To be sure, there is violence in public housing. While the net that Vance and the NYPD had cast most likely ensnared people completely innocent, there was work to be done to reach young people who were in fact targeting each other. Along with Haynes, a youth counselor and assistant basketball coach, Murphy sought to honor his daughter's life by working to put together anti-violence work that focused on at-risk youth.

It would be a fight. There was so much that had already contributed to violence and an accompanying sense of despair. The local community center for kids from Manhattanville, for example, had been closed for five years. When it was finally re-opened in 2007 after 5 years and $2.2 Million of NYCHA renovation money, they didn't have funds to fully staff the center--leaving some kids out. The center was later privatized.
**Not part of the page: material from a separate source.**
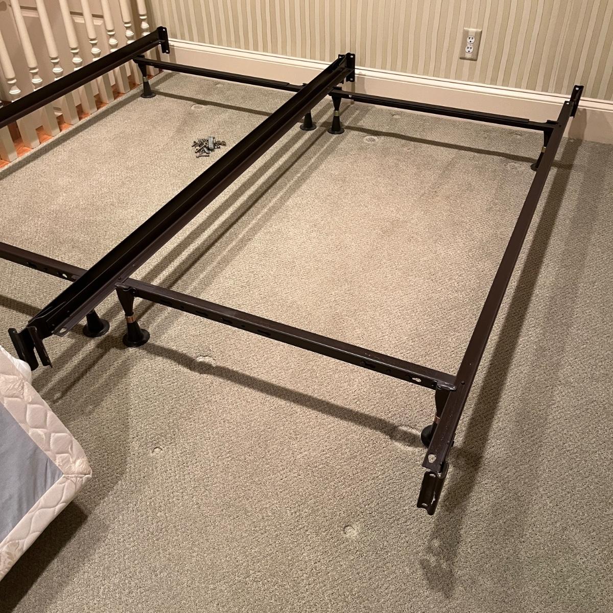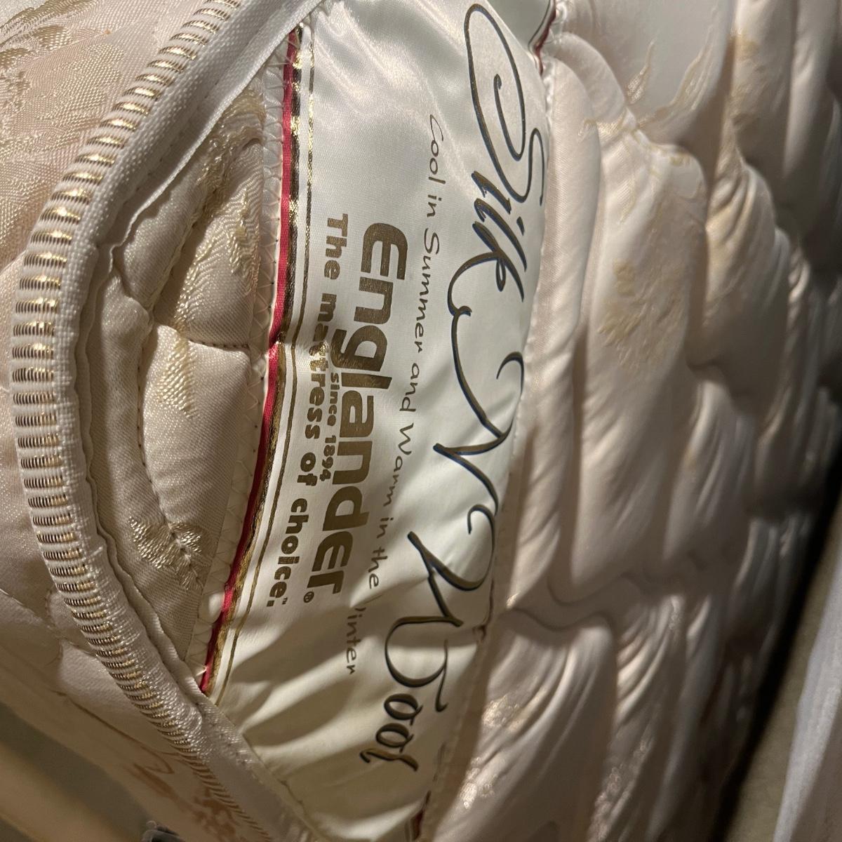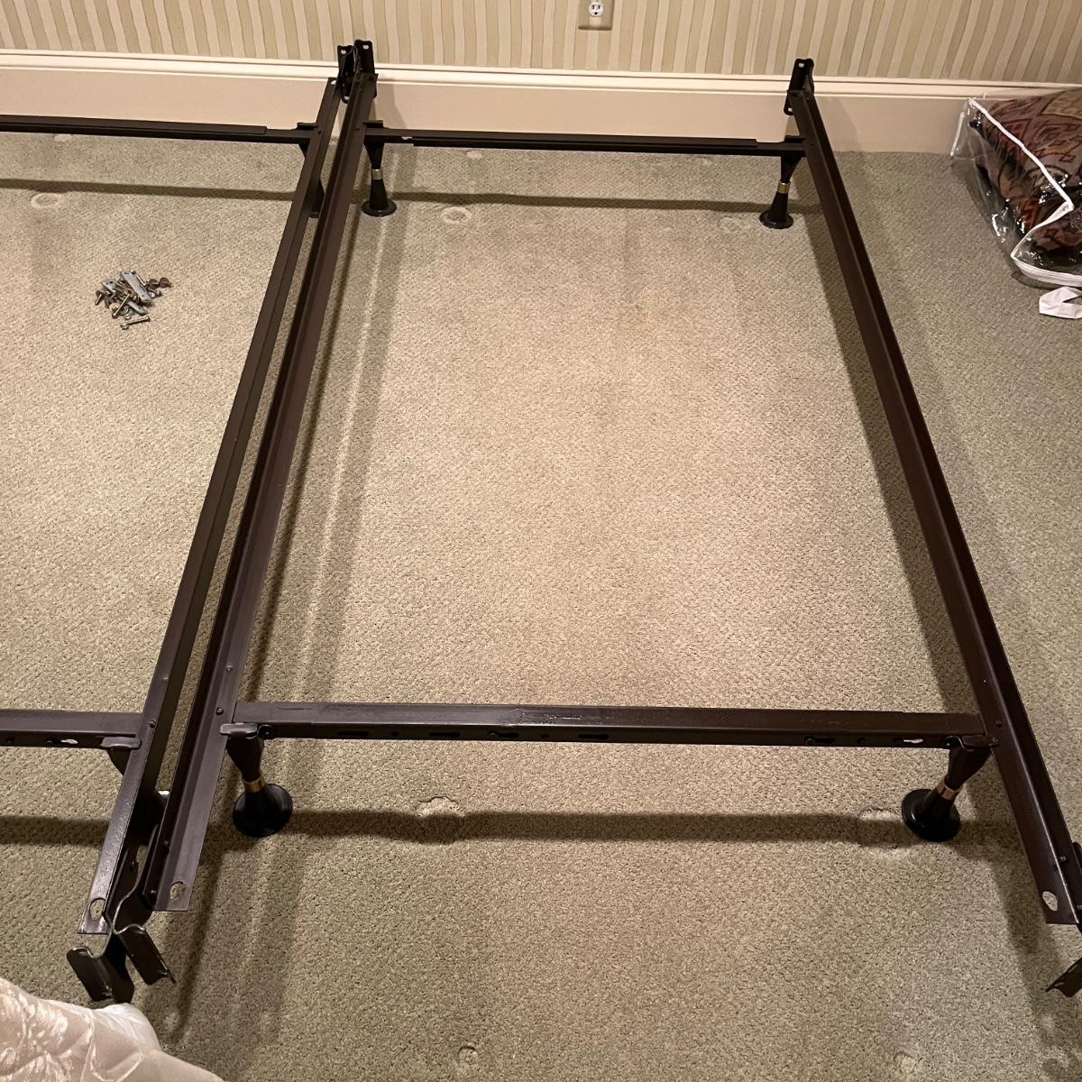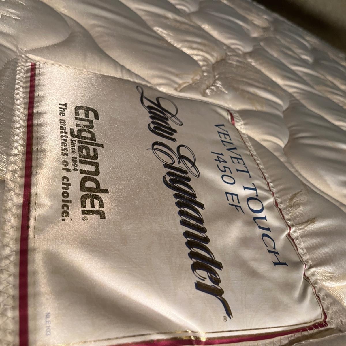 A pair Wamsutta twin comforters with synthetic fill that have been dry cleanened recently and measure approximately 68" x 88". Also includes a FeelAtHome gap filler with a strap to combine two twin mattresses. Two metal twin bed frames. Also includes two sets of Englander twin box springs and mattresses. Winning Bidder may take mattresses and box springs but is not required to.

Beyond the indictments of the District Attorney or the intelligence of the police, Haynes has a simple science to understanding why the Grant and Manhattanville feud got so bad so quickly: The Grant houses have outside basketball courts. During the summer, Manhattanville kids would go to Grant's basketball courts to play and hang out. In the winter, Grant kids would go to Manhattanville, which had indoor basketball courts in the community center. When the center closed, it stopped that natural exchange of residents. This led to animosity between the two sides that became violent as the kids grew older.

A young mother from Manhattanville who didn't want to give her name because her son had been arrested during last year's police raids spoke about the lack of resources:

"Our kids are getting locked up before they can even write a resume... We have a community center in the back, but now it's privately-owned. We would have to pay for the summers for our kids to go. Now it's free but it's private and not prioritized for kids from these houses. This is all our development has. They could've put more money into this to help keep these kids occupied."

The young men caught up in the raids didn't only lack opportunities in their neighborhood, when they were indicted--again, some not even having committed actual crimes--they were looking at such long prison sentences that many of them just took the pleas (which were still long sentences). Some kids in Grant and Manhattanville were as young as 11 when they were first being monitored by Vance and the NYPD's multi-year investigation. But for Murphy, delaying or stifling the ability of resources to get on the ground ensured the violence, which he describes as the natural outgrowth of poverty and despair.

"We have to get to the root of the problem. The problem, in three simple words: Lack of resources. When you deny people services and resources, you then give them police raids? The issue is not to get rid of people. The issue is to provide them with the resources they really need."

Murphy has so many unanswered questions about the raid and the future for people who live in public housing. "Was the plan to displace people or get them out of that neighborhood from the start? Was the plan to starve a community from vital resources to create a condition where people reverted to violence?", he asks. With a watchful eye on the politicking around the push to get some people out of NYCHA houses, Murphy echoes what many in public housing often fear:

"Was the plan", he wonders "to create a reason to obtain prime real estate?"